Technical challenges:

This experiment will be most helpful for the following technical challenges:

  • Users have little to no structured data for a given domain AND/OR
  • Users are interested in what the most salient topics/entities/concepts are within a corpus of documents, and their relationships to each other.
  • Users are interested in topics/entities/concepts that are particular to a domain, i.e., whose meaning appears to be different from those same terms when used in general English.

As part of the application to participate in this experiment, we will ask you about your use case, data types, and/or other relevant questions to ensure that the experiment is a good fit for you.

What data do I need?

Data and label types:

A set of text, HTML, or PDF documents that contain digital text (can include documents that came from other formats and were converted). We currently do not support OCR on PDF files that contain images, and may not be able to extract text from other kinds of files. The documents should contain large amounts of natural language English text (put another way, if all you have are documents with tabular data, the algorithms here are unlikely to produce what you want). No special labels or annotations on the documents are required.
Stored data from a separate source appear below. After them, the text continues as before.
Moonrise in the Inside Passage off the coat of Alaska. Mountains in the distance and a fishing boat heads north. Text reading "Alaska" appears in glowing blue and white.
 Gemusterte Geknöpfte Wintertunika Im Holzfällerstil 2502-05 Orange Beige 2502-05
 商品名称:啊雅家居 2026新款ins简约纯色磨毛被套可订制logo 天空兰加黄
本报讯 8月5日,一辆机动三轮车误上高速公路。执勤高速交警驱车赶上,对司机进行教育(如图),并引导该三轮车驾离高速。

The graph induction algorithm’s job is to find terms relevant to a corpus, and it does this essentially by finding patterns in the data. Therefore, the algorithm is intended to work with a corpus of documents that have some relationship to one another, such as a set of documents that

  • are all on the same general topic and/or
  • are all owned/produced by the same related set of authors.

What skills do I need?

As with all AI Workshop experiments, successful users are likely to be savvy with core AI concepts and skills in order to both deploy the experiment technology and interact with our AI researchers and engineers.